Я понял, что вопрос этот для него принципиальный, и спросил в свою очередь: а ты. Акоп? Пока не опрокину ста граммов, кусок в горло не идет, признался он. А я тоже, как ты, сказал я ему, пока не выпью, не только что кусок, а и воды глоток не проглочу.
Ответ мой привел в восторг Акопа, он так и расцвел, казалось, сейчас пустится в пляс, прищелкивая пальцами. Откуда ему знать, что я - непьющий и что если случится мне выпить разок-другой в год, то разве что от очень хорошего настроения. Но сегодня, решил я, я буду пить наравне с Акопом, сколько он, столько и я, и посмотрим, что из этого получится. Ведь вот обычай прекрасный у армян заливать горе-беду отрадным зельем, выпьют стакан-другой и придут в равновесие. А как мы, мусульмане, поступаем в жизненных невзгодах? Жен посылаем в мечеть с пожертвованиями, чтобы помянули нас там в своих молитвах.
Акоп, еще не присев, все возился, накрывая на стол, откупорил, наконец, бутылку и попросил у меня дозволения сесть. Я, говоря откровенно, немало подивился такой церемонности и отвечал: что за слова такие, кум Акоп, конечно же, садись, ты хозяин, я гость, сидеть нам, стало быть, друг против друга. И опять он обрадовался, как дитя, уселся, подцепил моей вилкой отменный кусок телятины и положил ее мне на тарелку. Потом поднял свой стакан, и я приготовился слушать длинную-предлинную здравицу, на которые, как это известно, армяне и грузины такие мастера, но Акоп сказал коротко: мирза, сказал он: давай выпьем за то, чтобы наихудшие дни нашей жизни были не хуже этого.

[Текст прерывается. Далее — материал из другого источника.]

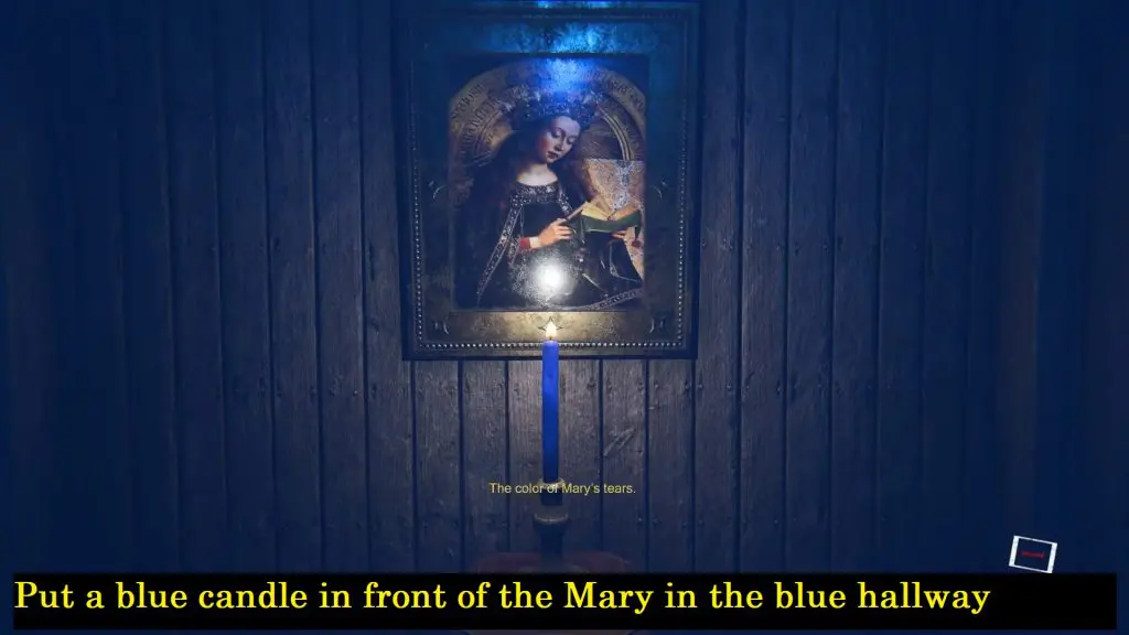 Again, go to the main church area. This time head to the blue (violet) color maze (hallway) on the right. Place the blue candle on the pedestal in front of Mary’s photo. As shown below image.

Мудрые слова! Право, не ждал я таких слов от соседа Акопа и был, тронут до глубины души. Ибо слова эти в настоящее время должны бы ежедневно повторять все люди. Умные слова, прозорливые слова, да!..
Акоп, сказал я, живи и здравствуй тысячу лет, видит бог, ты истинный мужчина и добрый сосед, я тоже пью за твое здоровье и здоровье твоей семьи, твоей супруги и деток... Нет, сказал Акоп, нет, мирза, не вали все в одну кучу, давай выпьем за мою здравницу, а потом слово за тобой, за что хочешь, за то и выпьем.
Акоп залпом выпил свой стакан, а я - полстакана, очень уж крепкая тутовка, все нутро мне, как огнем, обожгло. Но прозрачна, надо сказать, как слеза, чистейшей перегонки, такую водку я пивал раза два в юные свои годы, когда гостил в Тбилиси у своего грузинского друга. Я взял поспешно кусок хлеба с сыром, но не успел заесть и загасить огонь, как Акоп повторно наполнил доверху наши чарки и сказал: пей сколько пьется, дело это не принудительное, а добровольное, что же до меня, сказал он., то сегодня ночью я упьюсь до чертиков, потому как давно не пил и очень заскучал, мирза...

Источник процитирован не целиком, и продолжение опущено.